Posted by
Anticontrarian on Wednesday, February 07, 2007 4:29:16 PM
Hugh Hewitt is clearly an intelligent man, but he sometimes comes across as if he thinks he’s the lone pragmatist on the Right. From his book If It’s Not Close, They Can’t Cheat to his post today taking issue with NRO’s Terence Jeffrey’s dislike of Rudy Giulani’s social liberalism, Hewitt has continually expressed his exasperation with ideologue conservatives who hold Republican candidates to unrealistically pure conservative standards:
"This answer is an ominous one for the GOP. Tancredo is not a serious candidate, but Jeffrey is a serious opinion-leader on the right. Jeffrey's willingness to publicly bless a protest candidate signals that many on the right would rather fight doomed battles than get to the business of electing a nominee who can be elected president. The irony is that in our conversation Jeffrey points to the importance of the Supreme Court's likely vacancies in his critique of Rudy, but then in effect endorses the sort of fecklessness in politics that almost guarantees that Hillary gets the SCOTUS appointments from January, 2009 to October, 2012.
It is one thing to be undecided among the Big Three, and even acceptable to still indulge wishful thinking about the entry into the race of candidates for whom time has already run out.

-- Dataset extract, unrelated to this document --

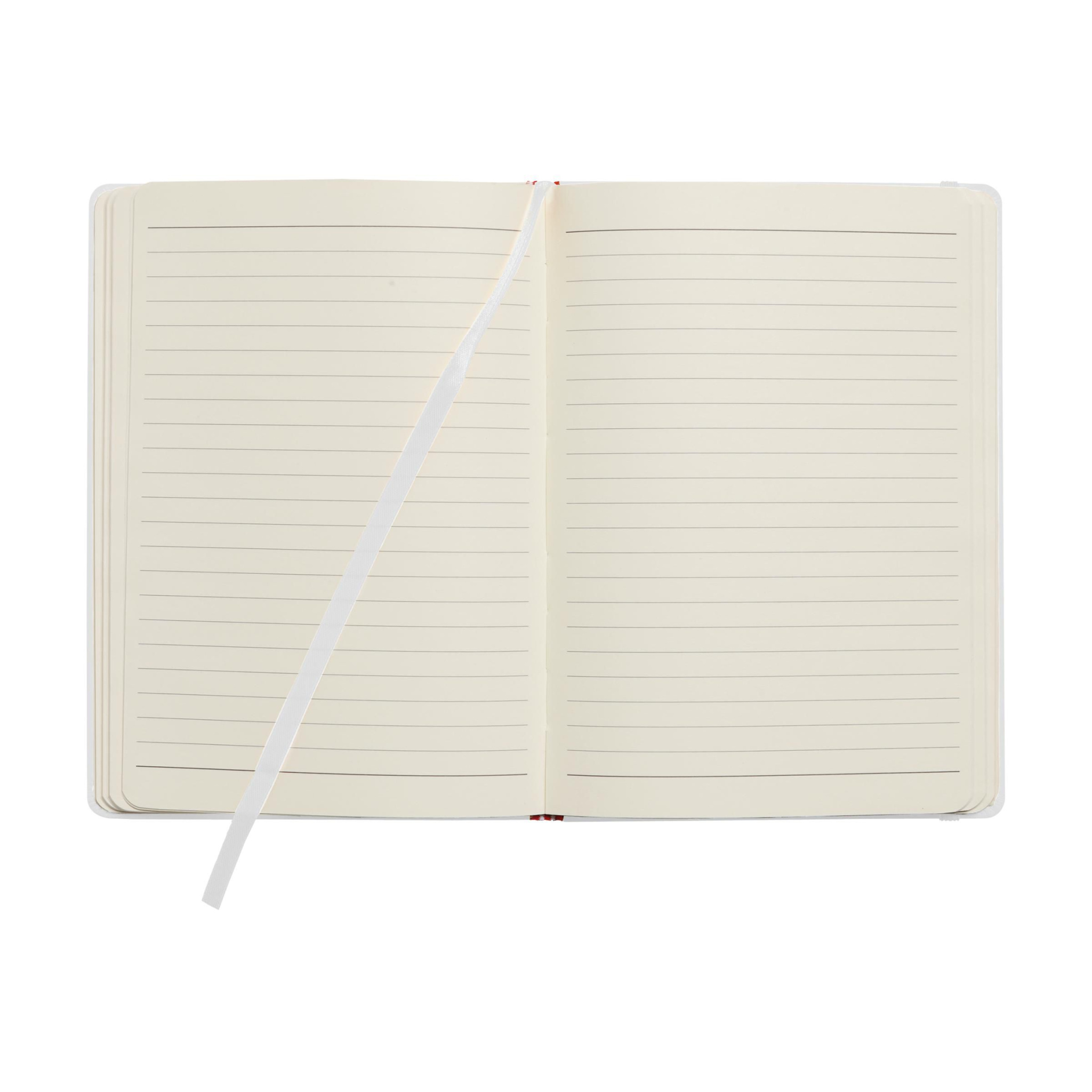 A4-kokoinen muistivihko, jossa 96 arkkia/196 sivua kermanväristä, vuorattua paperia (80 g/m²). Täydellinen sidonta, kova kansi, joustava kiinnitys ja silkkinauha.

But encouraging the sort of destructive crusade that Congressman Tancredo wants to lead should be labelled exactly what it is: The triumph of posture over purpose."

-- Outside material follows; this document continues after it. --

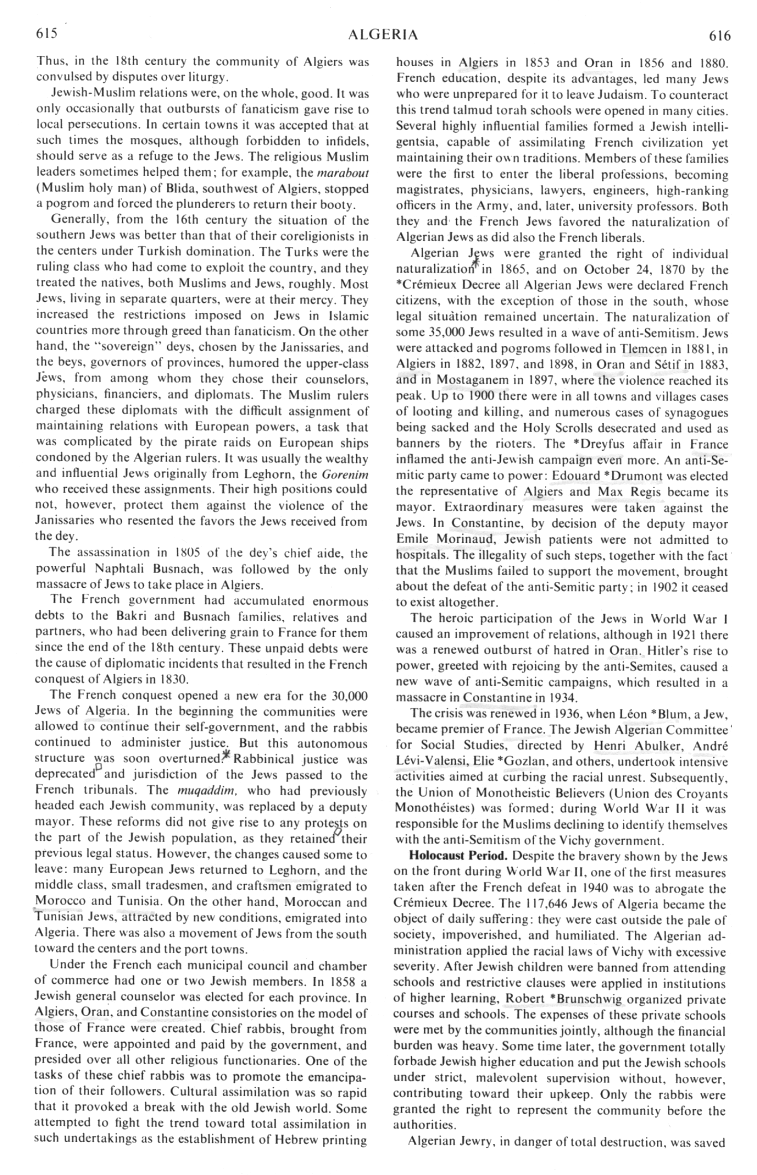 [[Muhammad Fantasy]] Algerian [[Moses Fantasy]] Jewry, in danger of total destruction, was saved (col. 616)

Hewitt’s main point (that Rudy is preferable to any Dem) is inarguable, but he takes it too far, allows an exception for himself, neglects the important impact that voting for a seemingly unelectable candidate can have on the party and other candidates, and greatly overstates the danger to Republicans of not uniting behind an anointed mainstream “electable” candidate. What is the real danger here? That Tancredo getting 5% - 10% in various primaries will rob Rudy or McCain of enough momentum that Hillary will beat him at the wire? I have never seen any evidence that primary opposition hurts a candidate, or that an easy road to the nomination helps one.

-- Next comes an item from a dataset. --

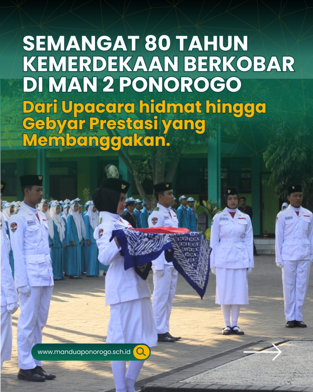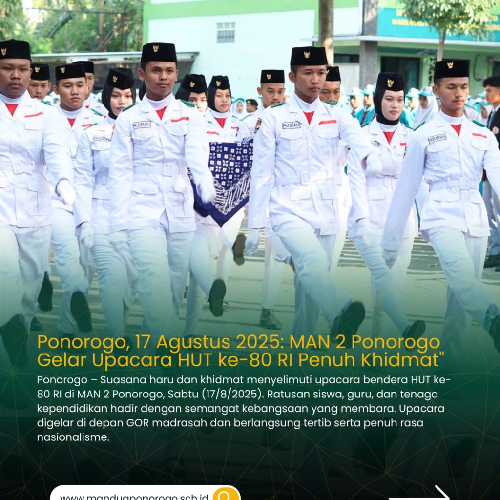Dengan semangat nasionalisme yang menggelora, upacara peringatan HUT ke-80 RI di MAN 2 Ponorogo berjalan lancar dan meninggalkan pesan penting: kemerdekaan harus terus diisi dengan perjuangan, kerja keras, dan prestasi generasi muda.

Fighting a “doomed battle” for Tancredo in the primaries is not at all the same as fighting for Hillary in the general election. Tancredo supporters are no more endangering the GOP’s chance of ultimately capturing the White House than Rudy supporters are endangering McCain’s chances (or vice versa); nor is such the main intent of any primary voter / supporter.
Hewitt’s explanation of how Chaffee’s circumstances were different has stuck with me – not because it’s a sign of hypocrisy or anything like that, but because it was true and well-expressed (“Jim Jeffords proved that closely divided senates are governed by the most erratic person in the majority.”) Good point. So Hewitt allows himself some commonsense latitude from blindly having to obey Hewitt’s Law of always supporting even the worst GOP candidate over even the best Dem. And I won’t quibble with him there. I only wish he’d return the favor and allow some of the rest of us a little leeway for making our own exceptions to his law.
Did Democrats who wasted time boosting Dean and even Kucinich have no effect on the 2004 race, the party, and the eventual nominee? Or did they have a negative (from a Dem POV) effect? I don’t think so. Enthusiastic support for hard-core leftist candidates helped them pull their party and John Kerry the way they wanted them to go (and thus ultimately the country, as Bush was able to sidle left toward the middle in response to Kerry shifting left due to the tugging of the Kucinichites).
The right needs to learn to stand up for what it believes in the way the left does. This is one instance where maintaining a doctrinaire purist approach actually has positive practical benefits as well. Whereas meekly uniting behind the supposedly most-electable candidates only gives a party Bob Dole or Al Gore.